SRU students staying ‘Up ‘til Dawn’ to support St. Jude
Jan. 22, 2016
SLIPPERY ROCK, Pa. - Slippery Rock University students often find themselves awake long after most of us have already turned in for the night. Whether it's cramming for a big test or working on a research paper, burning the midnight oil is commonplace across the University campus.

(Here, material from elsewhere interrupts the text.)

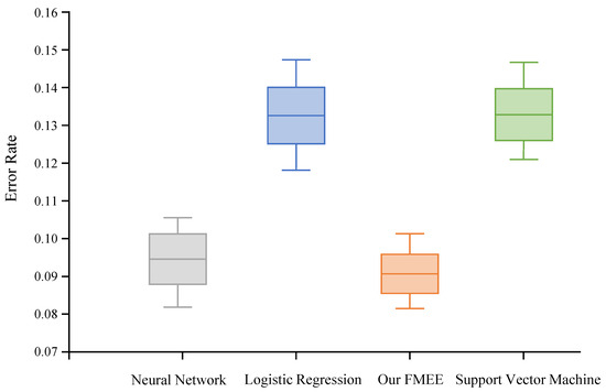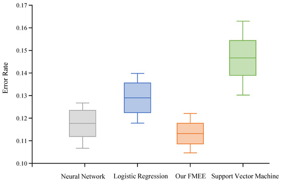 To facilitate a comprehensive comparison among the four algorithms, Figure 2 depicts the error rate and F-measure of fault outage prediction results in the form of line and box charts. Notably, FMEE emerges as a frontrunner, showcasing a substantial advantage over the sophisticated support vector machine in terms of error rate. Specifically, our FMEE achieves an average error rate of , surpassing the neural network, logistic regression, and support vector machine by margins of , , and , respectively. These findings underscore the clear superiority of our proposed FMEE methodology.

However, when SRU students stay "Up 'til Dawn" Feb. 6 from 12-6 a.m., they will be doing so to support St. Jude Children's Research Hospital.
The "Up 'til Dawn" event, now in its 10th year, will seek to raise $20,000 for Memphis, Tennessee-based St. Jude, which annually treats more than 7,500 children suffering from childhood cancer and other life-threatening diseases. More than 75 percent of St. Jude's funding comes from public contributions. Families do not receive a bill for treatment, nor pay for travel or housing.
"It is a great way to help others, and have fun at the same time," said Samantha Rivet, a business management major from Twinsburg, Ohio, who serves as the "Up 'til Dawn" fundraising director. "It's a blast, and you're so tired by the end, but it's well worth it. It's so much fun to give back."
Using "Cancer Never Sleeps" as the event slogan, participating students must each raise $100 to compete in hourly activities and challenges in support of St. Jude patients.
"One of the events is a head shaving contest," said Rivet. "That is done by putting spare money into a jar to determine who collects the most money. Whoever collects the most money, loses their hair, which a lot of the children being treated at St. Jude have happen as a result of their treatments."
The event, which previously saw donations reach upwards of $60,000, has witnessed declining financial support. According to Rivet, this year's current total is $12,281, with more to be collected.
In prior years, the event committee would stage a one-night letter writing campaign seeking donations from family and friends. However, according to Rivet, the format was changed by St. Jude to have the event focus more as a celebration, than a solicitation.
Meghan Cain, an early childhood education major from Twinsburg, Ohio, serves as executive director for the event. As a future teacher, Cain said she has a soft spot in her heart for sick children.
"Cancer has touched almost everyone's life," said Cain. "For me, to think of a child having to go through that, it makes it 10 times worse. People should step up in order to help with something bigger than them. It's the greatest way to help people who are less fortunate than you, and it doesn't take a lot of effort."
"To see children struggle really gets to me," said Rivet. "They're sitting in a hospital, unable to run around with their friends. Their struggles really touch my heart and make me want to help."
Rivet pointed out that operating St. Jude's is an expensive endeavor. The hospital's daily operating budget is roughly $2 million.
"When you consider what we're trying to accomplish with our event, if we're able to raise $25,000, we're only talking about covering about 15 minutes of their daily operation," said Rivet.